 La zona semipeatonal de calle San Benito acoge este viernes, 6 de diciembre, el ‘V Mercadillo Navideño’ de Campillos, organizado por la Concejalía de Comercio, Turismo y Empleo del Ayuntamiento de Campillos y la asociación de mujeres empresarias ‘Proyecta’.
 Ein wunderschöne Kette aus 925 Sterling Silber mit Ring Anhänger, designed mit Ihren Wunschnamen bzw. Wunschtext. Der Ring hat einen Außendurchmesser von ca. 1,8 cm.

==========

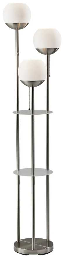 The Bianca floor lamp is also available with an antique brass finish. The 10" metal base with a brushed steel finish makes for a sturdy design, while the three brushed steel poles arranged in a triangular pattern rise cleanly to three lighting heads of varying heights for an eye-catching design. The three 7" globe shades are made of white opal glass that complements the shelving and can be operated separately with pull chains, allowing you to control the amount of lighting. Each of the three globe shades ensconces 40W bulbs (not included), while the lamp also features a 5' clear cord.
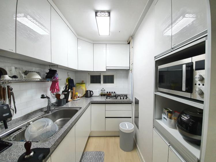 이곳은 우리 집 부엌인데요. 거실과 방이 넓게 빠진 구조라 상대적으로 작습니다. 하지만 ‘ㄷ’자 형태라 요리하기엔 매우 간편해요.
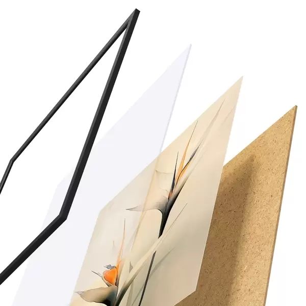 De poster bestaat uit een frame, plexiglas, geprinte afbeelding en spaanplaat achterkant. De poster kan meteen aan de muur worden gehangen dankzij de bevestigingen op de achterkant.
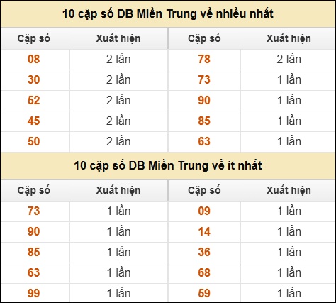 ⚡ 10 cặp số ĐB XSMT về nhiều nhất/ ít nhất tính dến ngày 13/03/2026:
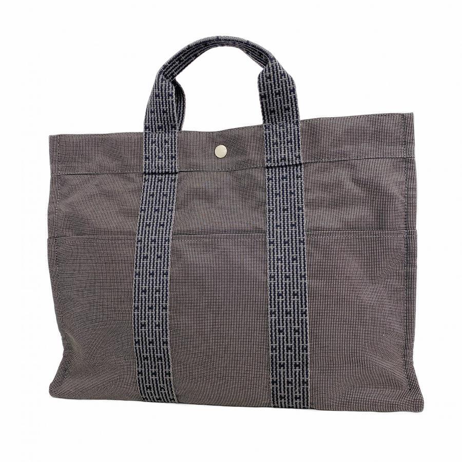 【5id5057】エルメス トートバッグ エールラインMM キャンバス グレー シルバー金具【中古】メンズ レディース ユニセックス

==========

WORK REQUIRED:
Your copy should hold the lines from the one with "XSMT về nhiều" up to and including the one with "シルバー金具【中古】メンズ レディース ユニセックス", exactly as in the data above, and no pictures.

TASK SOLUTION:
 ⚡ 10 cặp số ĐB XSMT về nhiều nhất/ ít nhất tính dến ngày 13/03/2026:
 【5id5057】エルメス トートバッグ エールラインMM キャンバス グレー シルバー金具【中古】メンズ レディース ユニセックス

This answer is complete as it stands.